Data:

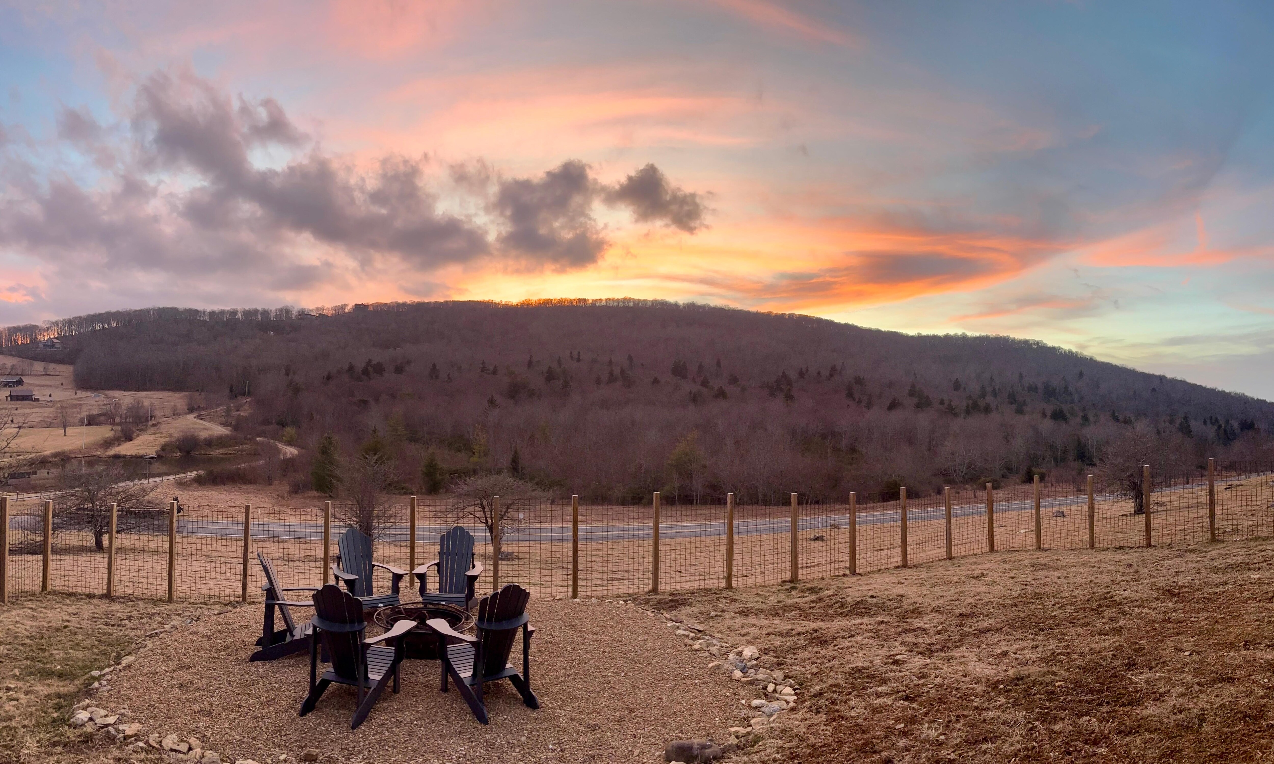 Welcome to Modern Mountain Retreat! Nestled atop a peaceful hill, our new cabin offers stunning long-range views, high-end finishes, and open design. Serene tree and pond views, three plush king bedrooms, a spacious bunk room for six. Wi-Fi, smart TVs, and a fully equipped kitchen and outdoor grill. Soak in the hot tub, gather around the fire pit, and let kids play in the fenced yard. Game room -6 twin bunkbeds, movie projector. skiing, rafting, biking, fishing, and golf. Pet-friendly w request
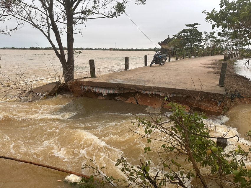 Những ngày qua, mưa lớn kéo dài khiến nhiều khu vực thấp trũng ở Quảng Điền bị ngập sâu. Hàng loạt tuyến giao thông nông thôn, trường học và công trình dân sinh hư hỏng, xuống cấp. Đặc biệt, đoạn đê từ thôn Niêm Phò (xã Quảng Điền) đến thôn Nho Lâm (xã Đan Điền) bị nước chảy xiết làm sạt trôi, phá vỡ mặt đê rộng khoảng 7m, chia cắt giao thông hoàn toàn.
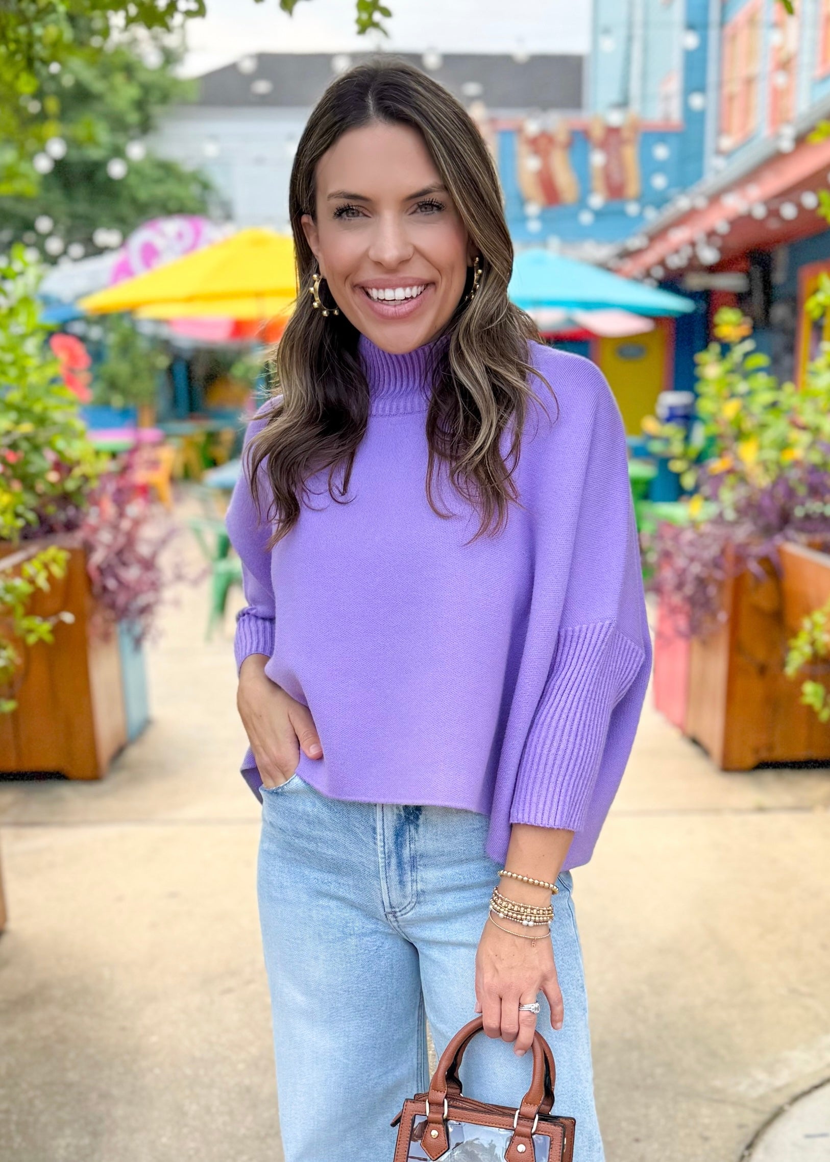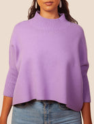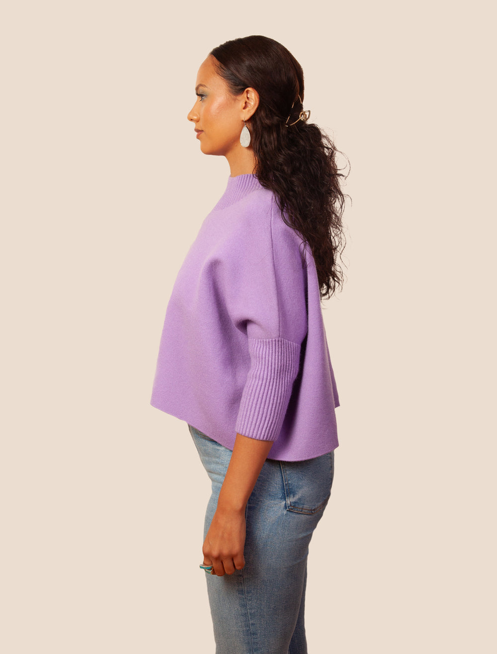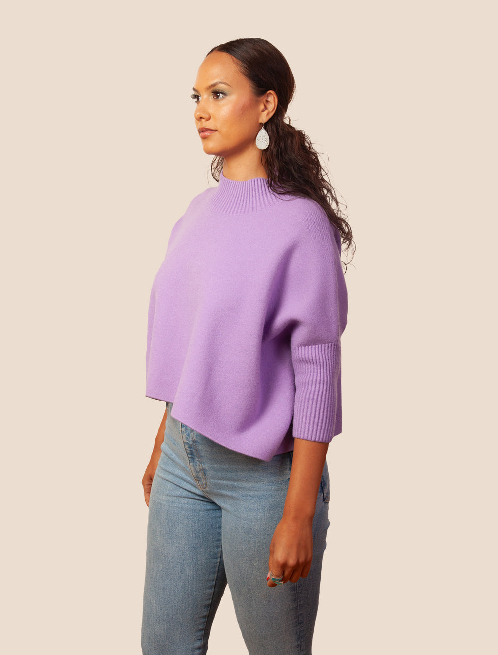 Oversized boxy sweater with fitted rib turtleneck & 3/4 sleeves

Task instructions: Skipping the pictures, transcribe each line above exactly as it appears.

Solution below:
 Welcome to Modern Mountain Retreat! Nestled atop a peaceful hill, our new cabin offers stunning long-range views, high-end finishes, and open design. Serene tree and pond views, three plush king bedrooms, a spacious bunk room for six. Wi-Fi, smart TVs, and a fully equipped kitchen and outdoor grill. Soak in the hot tub, gather around the fire pit, and let kids play in the fenced yard. Game room -6 twin bunkbeds, movie projector. skiing, rafting, biking, fishing, and golf. Pet-friendly w request
 Những ngày qua, mưa lớn kéo dài khiến nhiều khu vực thấp trũng ở Quảng Điền bị ngập sâu. Hàng loạt tuyến giao thông nông thôn, trường học và công trình dân sinh hư hỏng, xuống cấp. Đặc biệt, đoạn đê từ thôn Niêm Phò (xã Quảng Điền) đến thôn Nho Lâm (xã Đan Điền) bị nước chảy xiết làm sạt trôi, phá vỡ mặt đê rộng khoảng 7m, chia cắt giao thông hoàn toàn.
 Oversized boxy sweater with fitted rib turtleneck & 3/4 sleeves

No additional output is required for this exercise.